### EXERCISE
Nothing after the line with "иллюстрация 3. Рисунок" belongs in the copy; extract the lines below from the top through that line, pictures left out.

[[ SOURCE MATERIAL open ]]

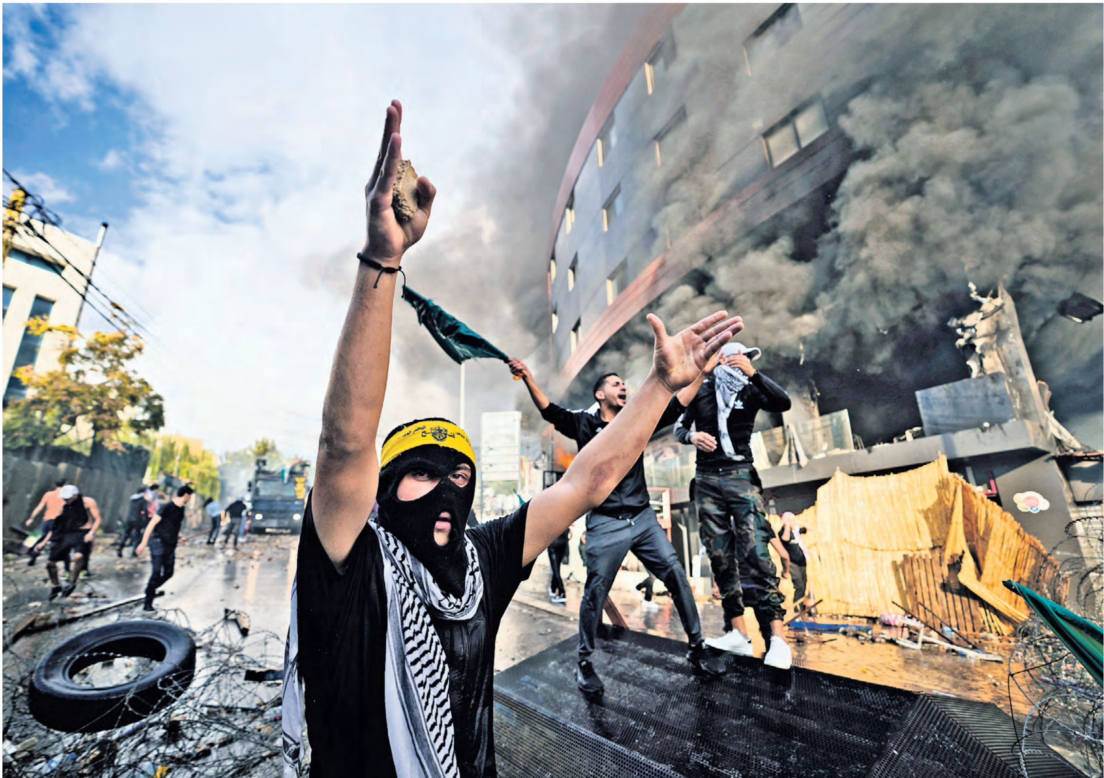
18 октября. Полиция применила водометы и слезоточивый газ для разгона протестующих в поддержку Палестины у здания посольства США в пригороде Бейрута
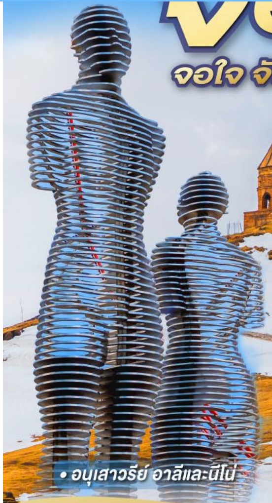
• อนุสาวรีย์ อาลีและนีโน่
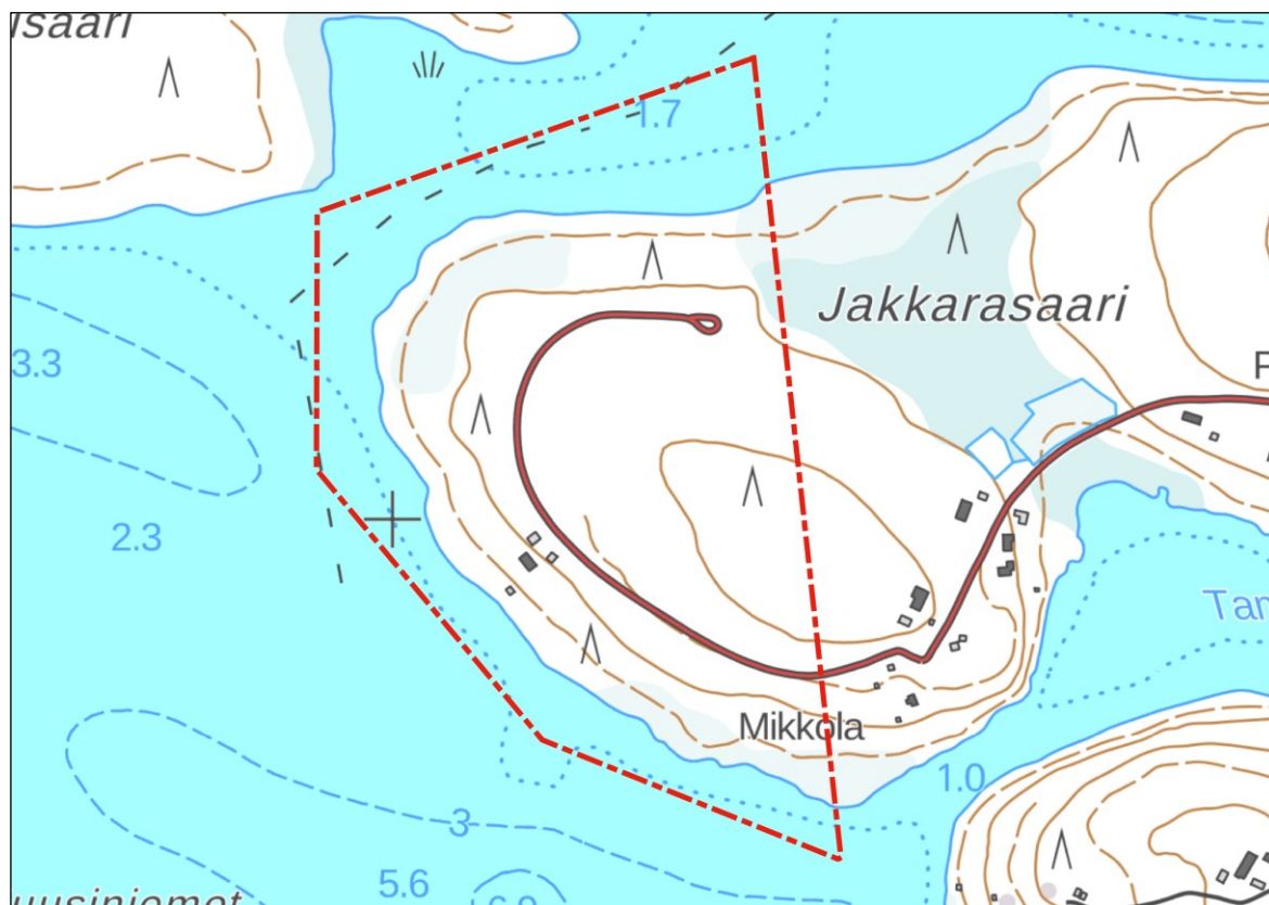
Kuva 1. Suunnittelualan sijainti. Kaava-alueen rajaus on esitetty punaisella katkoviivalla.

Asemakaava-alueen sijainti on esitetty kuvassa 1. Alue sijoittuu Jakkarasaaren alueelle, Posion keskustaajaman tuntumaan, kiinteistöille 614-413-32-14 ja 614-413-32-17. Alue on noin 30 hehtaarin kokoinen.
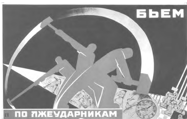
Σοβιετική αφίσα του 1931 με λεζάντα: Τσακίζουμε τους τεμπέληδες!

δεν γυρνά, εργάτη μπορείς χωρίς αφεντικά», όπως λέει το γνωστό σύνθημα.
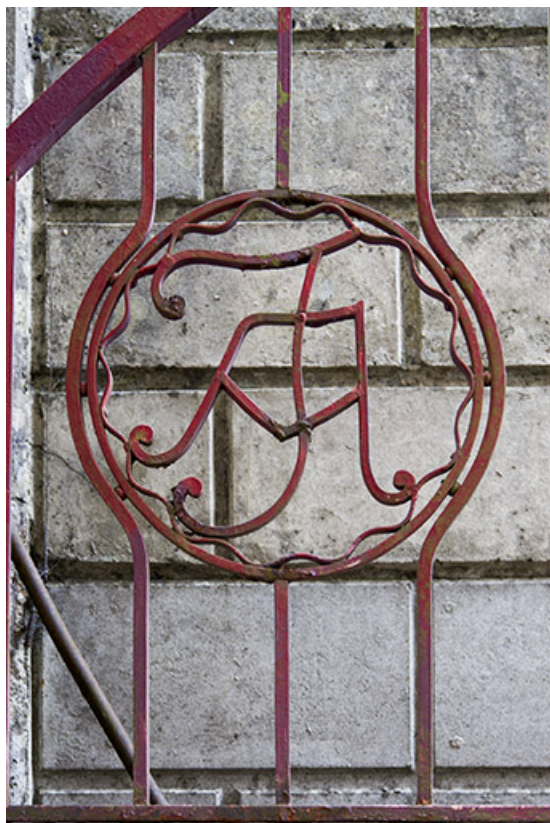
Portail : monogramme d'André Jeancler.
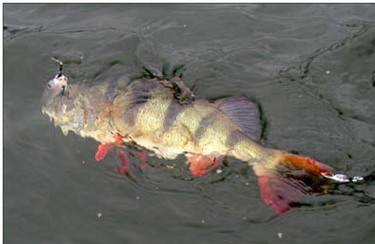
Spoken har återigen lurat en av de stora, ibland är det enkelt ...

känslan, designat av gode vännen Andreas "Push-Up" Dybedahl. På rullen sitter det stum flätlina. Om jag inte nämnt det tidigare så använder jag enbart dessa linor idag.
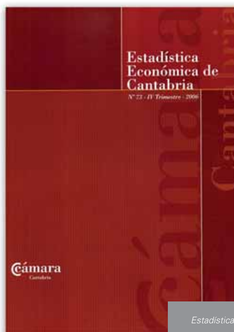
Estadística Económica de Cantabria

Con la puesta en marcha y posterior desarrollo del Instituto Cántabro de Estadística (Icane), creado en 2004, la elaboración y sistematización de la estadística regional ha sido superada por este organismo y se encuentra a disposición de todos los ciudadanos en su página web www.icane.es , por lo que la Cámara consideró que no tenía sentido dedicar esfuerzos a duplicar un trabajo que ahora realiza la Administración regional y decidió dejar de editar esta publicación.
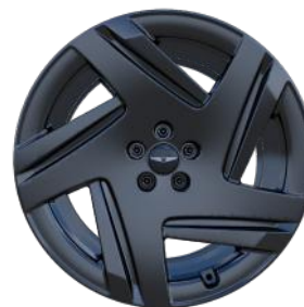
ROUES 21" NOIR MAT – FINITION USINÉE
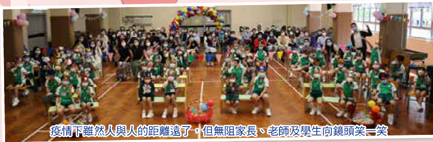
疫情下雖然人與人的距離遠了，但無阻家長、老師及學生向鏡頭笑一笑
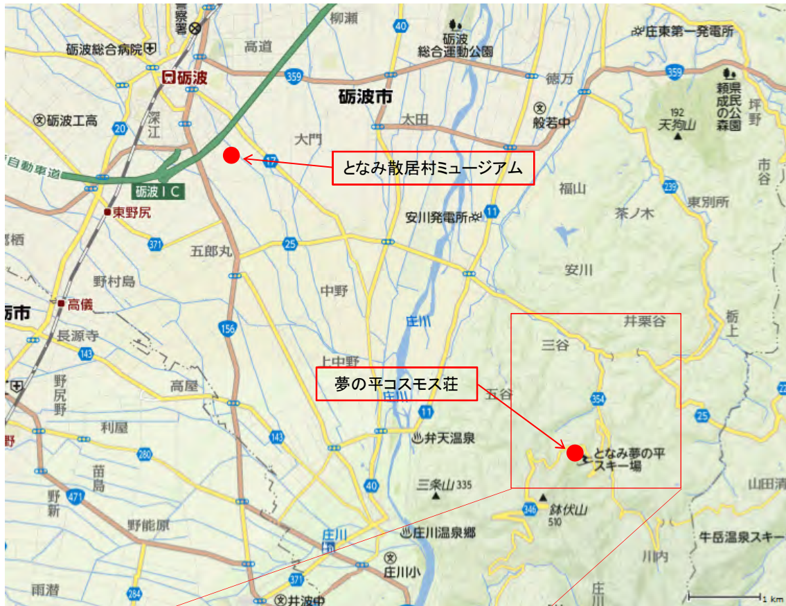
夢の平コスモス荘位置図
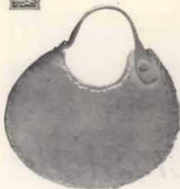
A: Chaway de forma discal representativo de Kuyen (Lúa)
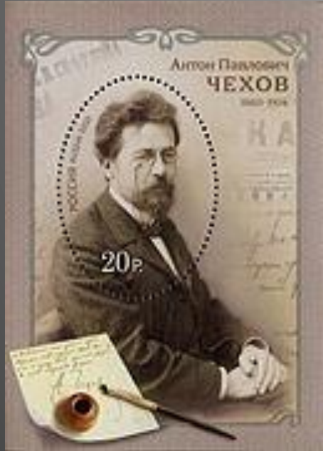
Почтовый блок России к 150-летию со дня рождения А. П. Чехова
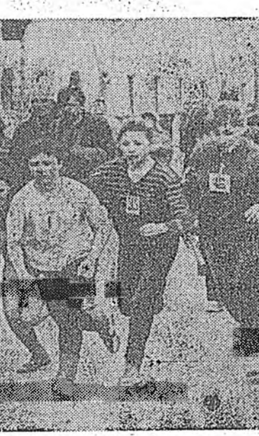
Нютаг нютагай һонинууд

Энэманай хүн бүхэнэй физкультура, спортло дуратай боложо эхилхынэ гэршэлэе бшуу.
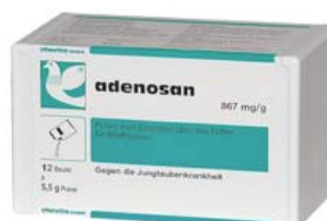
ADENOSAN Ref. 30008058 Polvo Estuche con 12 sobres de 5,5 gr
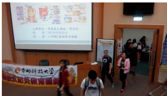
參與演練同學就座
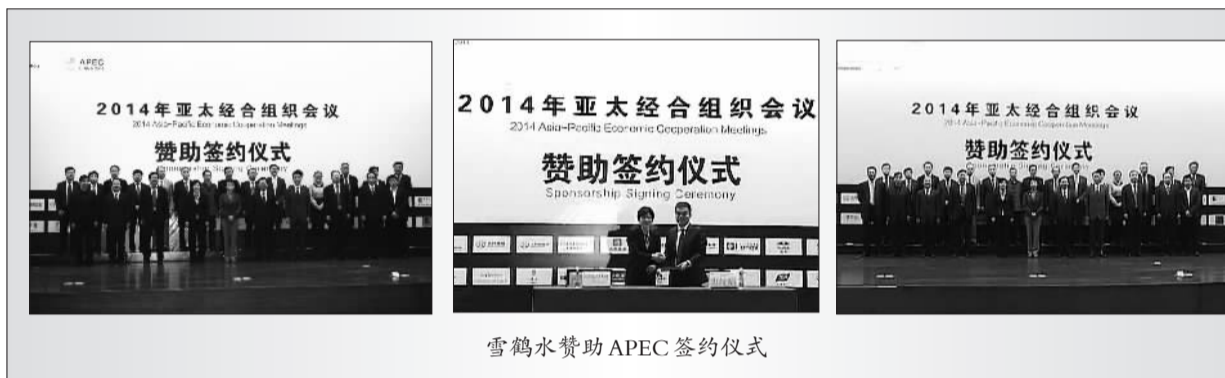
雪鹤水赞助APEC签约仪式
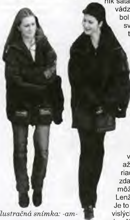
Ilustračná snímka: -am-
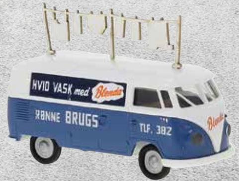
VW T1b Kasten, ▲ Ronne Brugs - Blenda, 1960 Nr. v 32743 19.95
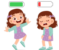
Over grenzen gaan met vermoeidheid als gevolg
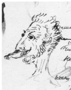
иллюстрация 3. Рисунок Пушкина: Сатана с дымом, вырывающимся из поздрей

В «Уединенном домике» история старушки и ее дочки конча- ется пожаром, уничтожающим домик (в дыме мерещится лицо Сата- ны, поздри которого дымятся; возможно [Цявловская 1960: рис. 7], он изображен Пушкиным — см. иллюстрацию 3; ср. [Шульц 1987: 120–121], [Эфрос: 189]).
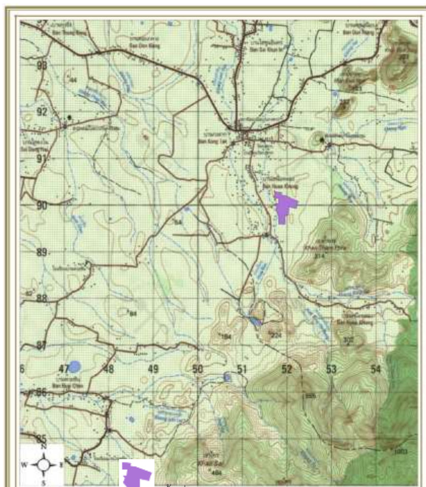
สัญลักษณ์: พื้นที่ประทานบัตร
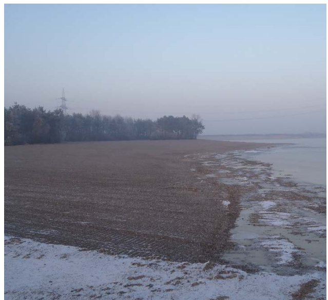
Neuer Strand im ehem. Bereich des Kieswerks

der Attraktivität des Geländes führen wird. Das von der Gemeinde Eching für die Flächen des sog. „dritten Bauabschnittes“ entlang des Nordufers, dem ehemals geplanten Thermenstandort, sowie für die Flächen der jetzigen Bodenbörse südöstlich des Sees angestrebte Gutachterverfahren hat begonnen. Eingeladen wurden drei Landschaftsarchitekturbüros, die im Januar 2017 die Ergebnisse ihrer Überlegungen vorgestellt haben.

[[ SOURCE MATERIAL closed ]]

### RESULT
18 октября. Полиция применила водометы и слезоточивый газ для разгона протестующих в поддержку Палестины у здания посольства США в пригороде Бейрута
• อนุสาวรีย์ อาลีและนีโน่
Kuva 1. Suunnittelualan sijainti. Kaava-alueen rajaus on esitetty punaisella katkoviivalla.

Asemakaava-alueen sijainti on esitetty kuvassa 1. Alue sijoittuu Jakkarasaaren alueelle, Posion keskustaajaman tuntumaan, kiinteistöille 614-413-32-14 ja 614-413-32-17. Alue on noin 30 hehtaarin kokoinen.
Σοβιετική αφίσα του 1931 με λεζάντα: Τσακίζουμε τους τεμπέληδες!

δεν γυρνά, εργάτη μπορείς χωρίς αφεντικά», όπως λέει το γνωστό σύνθημα.
Portail : monogramme d'André Jeancler.
Spoken har återigen lurat en av de stora, ibland är det enkelt ...

känslan, designat av gode vännen Andreas "Push-Up" Dybedahl. På rullen sitter det stum flätlina. Om jag inte nämnt det tidigare så använder jag enbart dessa linor idag.
Estadística Económica de Cantabria

Con la puesta en marcha y posterior desarrollo del Instituto Cántabro de Estadística (Icane), creado en 2004, la elaboración y sistematización de la estadística regional ha sido superada por este organismo y se encuentra a disposición de todos los ciudadanos en su página web www.icane.es , por lo que la Cámara consideró que no tenía sentido dedicar esfuerzos a duplicar un trabajo que ahora realiza la Administración regional y decidió dejar de editar esta publicación.
ROUES 21" NOIR MAT – FINITION USINÉE
疫情下雖然人與人的距離遠了，但無阻家長、老師及學生向鏡頭笑一笑
夢の平コスモス荘位置図
A: Chaway de forma discal representativo de Kuyen (Lúa)
Почтовый блок России к 150-летию со дня рождения А. П. Чехова
Нютаг нютагай һонинууд

Энэманай хүн бүхэнэй физкультура, спортло дуратай боложо эхилхынэ гэршэлэе бшуу.
ADENOSAN Ref. 30008058 Polvo Estuche con 12 sobres de 5,5 gr
參與演練同學就座
雪鹤水赞助APEC签约仪式
Ilustračná snímka: -am-
VW T1b Kasten, ▲ Ronne Brugs - Blenda, 1960 Nr. v 32743 19.95
Over grenzen gaan met vermoeidheid als gevolg
иллюстрация 3. Рисунок Пушкина: Сатана с дымом, вырывающимся из поздрей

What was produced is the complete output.